Homeowner Associations, or HOA, are non-profit organizations that provide the upkeep of communities around the country. Approximately one of every five Americans is subject to pay monthly HOA fees and is under strict rules and regulations. Associations charge mandatory fees for upkeep costs, and often times homeowners can also be charged fees for the violations of rules. Borrowers living within such communities are subject to HOA regulations, and corresponding Covenants, Conditions and Restrictions (CC&Rs).
If you fail to pay the monthly fees and/or special assessments appointed by your HOA, in most cases, a lien will be attached to your property. In certain states, this lien is given a “superior lien” status, meaning the home is in great danger of foreclosure. It’s scary to think that at one point, you can be foreclosed on by an organization other than your mortgage lender.

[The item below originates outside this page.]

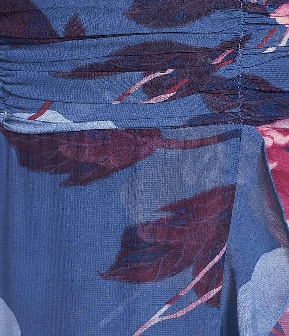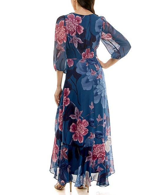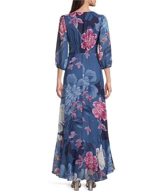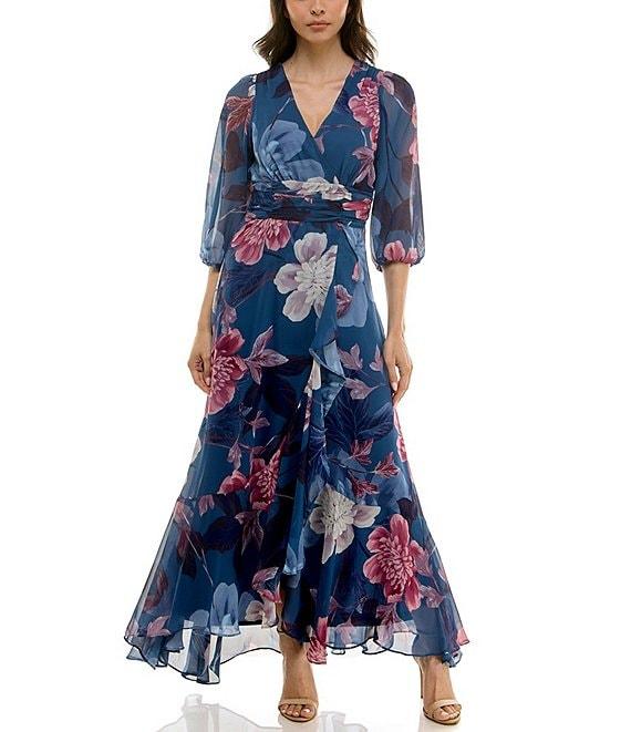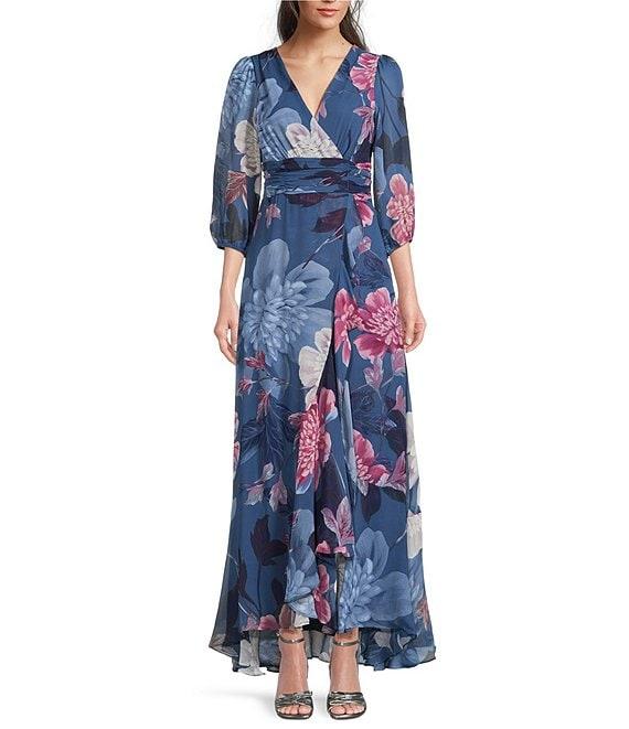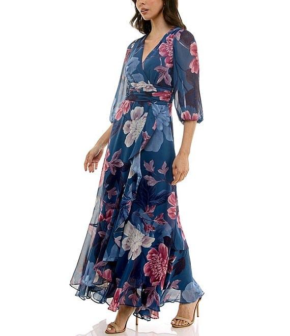 From Moda Tara, this dress features: Chiffon fabrication V-neckline 3/4 sleeves Wrap silhouette Lined Smocked back waist Ruffled skirt Floral print Zip back closure Approx. 57.5" in length from high point shoulder Polyester Hand wash / dry flat Imported.

When you purchase a property, any borrower who needs financing will obtain a first mortgage, which is recorded with the county and given first-lien priority. In many cases, borrowers choose to take out a second mortgage loan, which is later recorded and becomes the second lien (i.e. junior lien).
The purpose of lien priority is to determine which debt will be paid off first in the event of a bank repossession, or foreclosure. In today’s economy, especially when a home is underwater (meaning that you owe more on the mortgage(s) than the home is worth) the proceeds from the foreclosure will first go to the priority lien holder, or the first mortgage that was recorded.
The Homeowners Associations may file an assessment lien against a home if the borrower has become delinquent on their monthly dues and/or special assessments. Once the HOA’s Declaration of Covenants, Conditions, and Restrictions (CC&Rs) is recorded, generally the assessment lien will be immediately attached to the home. Typically, the CC&Rs will contain certain language that states the lien is not superior to the first mortgage, or that it’s subordinate to the first lien. In most cases, the HOA lien will be held as a junior lien, which is subject to state laws.
Pursuant to state statute, the Homeowners Association may file a “super lien,” or lien that is given priority over the senior mortgage holder. Very similar to a property tax lien or mechanics lien, if a property is foreclosed on due to unpaid dues the super lien will be paid off first from the proceeds of the sale.
Only Certain States Allow Super Lien Status on Delinquent HOA Assessments
There are only about twenty states across the country that give Homeowners Associations the power to file a super lien in the event of default. In Colorado, if a borrower has fallen behind more than six months on their HOA dues, the Association can file a super lien and will have priority over the first mortgage holder (refer to Colorado Revised Statute § 38-33.3-316). And in Nevada, HOA can obtain super lien status once the borrower has become nine months past due on assessments (citing Nevada Rev. Stat. § 116.3116).
If the HOA decides to initiate foreclosure proceedings to collect on the arrears, not only do they collect the amount owed, it also eliminates any additional liens attached to the property. However, for the mortgage holder to protect their interests in the home, the lender will often pay off the lien amount to preserve their first-lien holder position and stop the foreclosure.